In this article, we focused on detection of SNPs. Indels represent an important class of small-sequence variation that can be identified from short read sequence data. Our method, in particular the contingency table approach should be extendable for identifying indels from pooled sequencing. Previous papers have focused on the estimation of allele frequency from pooled sequencing data. We believe that accurate estimate of allele frequency is not difficult once SNPs have been identified reliably. Moreover, pooling imbalances are likely to influence the allele frequency estimates irrespective of the method used to estimate the frequency.

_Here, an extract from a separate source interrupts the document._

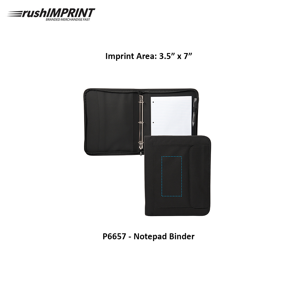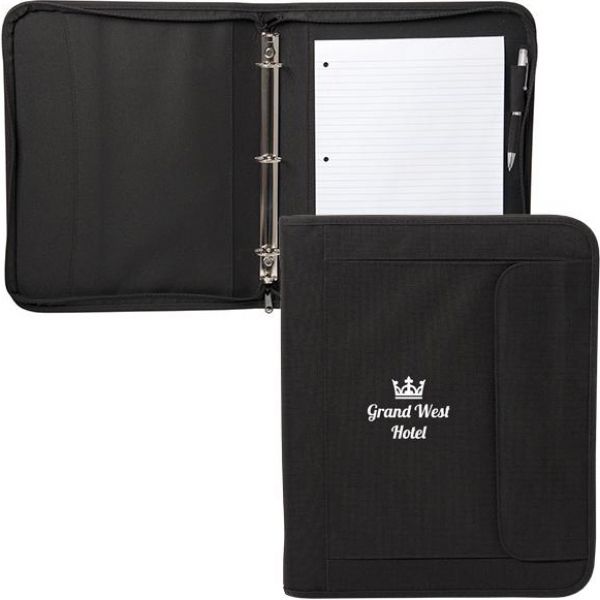 600D Ripstop Polyester. 1.5" non-removable O' ring binder. Inside slash pocket. Front hook and loop fastener gusseted pocket. Three-sided zipper closure. Paper pad and PE8605 stylus pen included. No extra charge to insert your own pen, click on Decorating info' for more information. Price includes one colour, one location imprint.
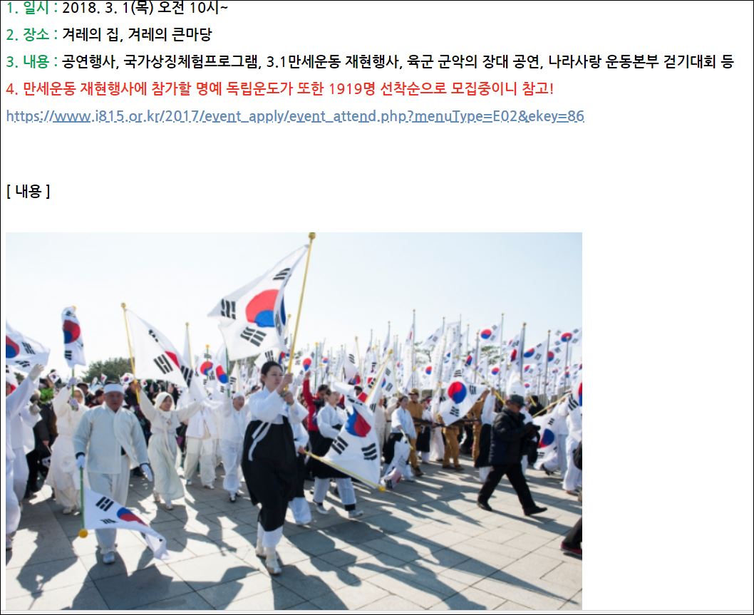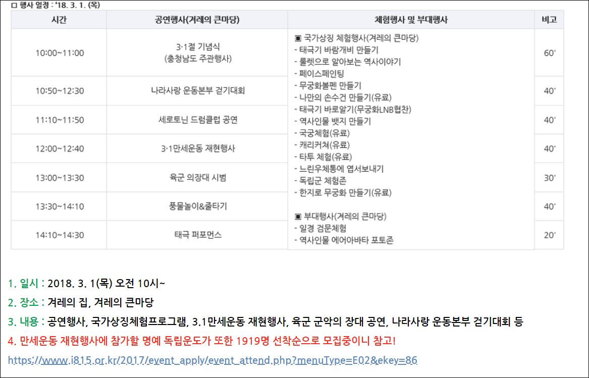 3.1절 독립기념관 가실분 모집합니다

CRISP has been implemented in python and accepts read alignments in the generic SAM format (Li,H. et al., 2009). The method is compatible with any short read alignment program and potentially applicable to sequence data from sequencing platforms other than the Illumina GA. From the perspective of computational efficiency, the main bottleneck is computing the P-value of a large number of contingency tables. We have attempted to make this computation highly efficient. CRISP took 1 h to analyze the first dataset (with two pools) and 4 h to identify SNPs for the second dataset on a single CPU.
I would like to thank Dr Nicholas Schork for supporting this work, members of SGM who generated the sequence data used in this paper and Dr. Vineet Bafna for suggesting an efficient scheme for simulating random contingency tables.
Funding: Scripps Translational Science Institute Clinical Translational Science Award (National Institutes of Health U54RR02504-01).
Conflict of Interest: none declared.
1Assuming a yield of ~6 Gb per run.
2We ignore reads that have a base different from both A and B.